What three things is the troponin complex made of? What do they each do?
3 Troponin proteins:
* TN T: binds to tropomyosin and moves it to the right area
* TN I: lies on top of MHC binding site blocks during low Ca2+)
* TN C: binds Ca2+
How does the troponin complex look with low Ca2+
The troponin complex covers the myosin binding sites.
TN I is currently blocking the binding site and preventing cross bridge formation
How does the troponin complex look with high Ca2+
The troponin complex moves away because Ca2+ binds to TN C which causes a conformational change that exposes the myosin binding site.
What is the molecular switch needed to allow the modulation of Ca2+ to generate force for the areas that aren’t covered by the troponin complex?
The areas not covered by the troponin complex are regulated by tropomyosin. Tropomyosin runs along the actin filament, blocking myosin-binding sites in a resting state. When Ca²⁺ binds to troponin, it causes tropomyosin to shift, exposing the 7 myosin binding sites for myosin, allowing contraction to occur.
What is a twitch and when does it occur?
a partial activation of cross-bridge cycling, generating a small, brief contraction called a muscle twitch.
If not enough Ca²⁺ is available to bind all troponin molecules, only some myosin-binding sites on actin are exposed.
What mechanisms do we have to modulate Ca2+ release levels?
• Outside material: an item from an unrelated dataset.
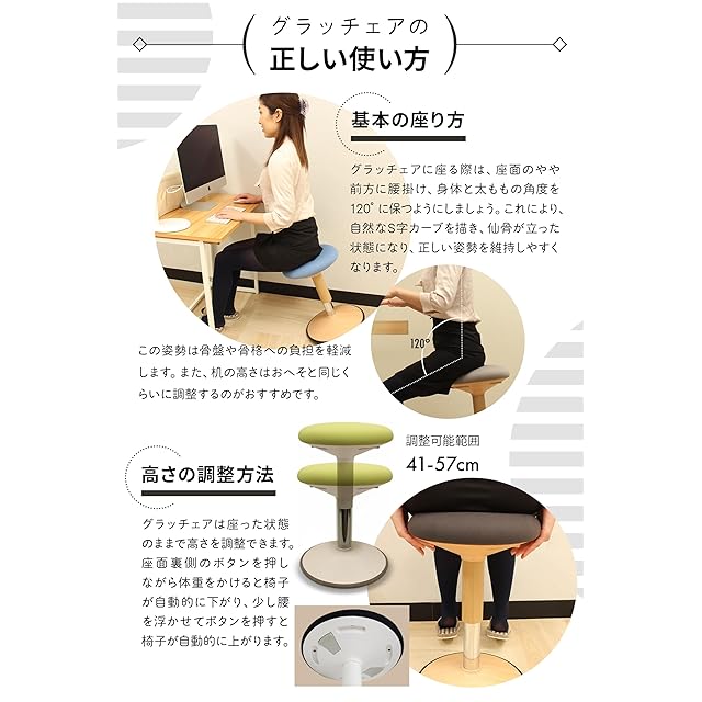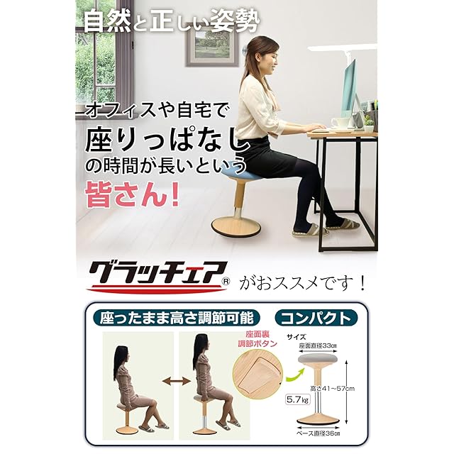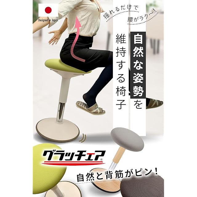 【座りながらストレッチ】正しい姿勢でも、同じ姿勢を続けていたら筋肉が固まって疲れてしまいます。グラッチェアなら、座ったまま腰回りを軽く動かすだけで、前後左右斜めに自由に傾けてストレッチができます。

- Summation: increase frequency of stimulation
- modify how fast muscle contraction stimulation is
- increase firing of motor neurons (drives higher Ca2+ until u maintain it)
twitch ,summation, and tetanus differences + graph
- Twitch – single, brief muscle contraction caused by one action potential. Ca²⁺ is released but quickly pumped back, so force is small and short-lived.
- Summation – When multiple action potentials arrive before the muscle fully relaxes, more Ca²⁺ stays in the cytoplasm, leading to stronger contractions as twitches add up.
- Tetanus – A sustained, maximal contraction due to high-frequency stimulation, where Ca²⁺ remains elevated, keeping actin-binding sites exposed for continuous cross-bridge cycling.
What happens with an increased amount of Ca2+
There will be more cross bridges formed because calcium will have a better chance of being bound to troponin
What would happen if the myosin head stiffened and was only able to bend to 60 degrees
instead of the normal 90 degrees?
The power stroke is weaker and there’s a lower range of motion and the velocity decreases.
The pivoting movement (power stroke) is smaller.
Less actin sliding occurs, meaning less sarcomere shortening and weaker contractions. The force generated per stroke is lower, making muscle contractions less effective.
Explain the difference between the conformation of the Troponin complex and tropomyosin at
low and high calcium levels.
Low Ca²⁺: Troponin is in its resting conformation, keeping tropomyosin in a position that blocks myosin-binding sites on actin, preventing contraction.
High Ca²⁺: Ca²⁺ binds to troponin, causing a conformational change that shifts tropomyosin, exposing myosin-binding sites, allowing cross-bridge formation and contraction.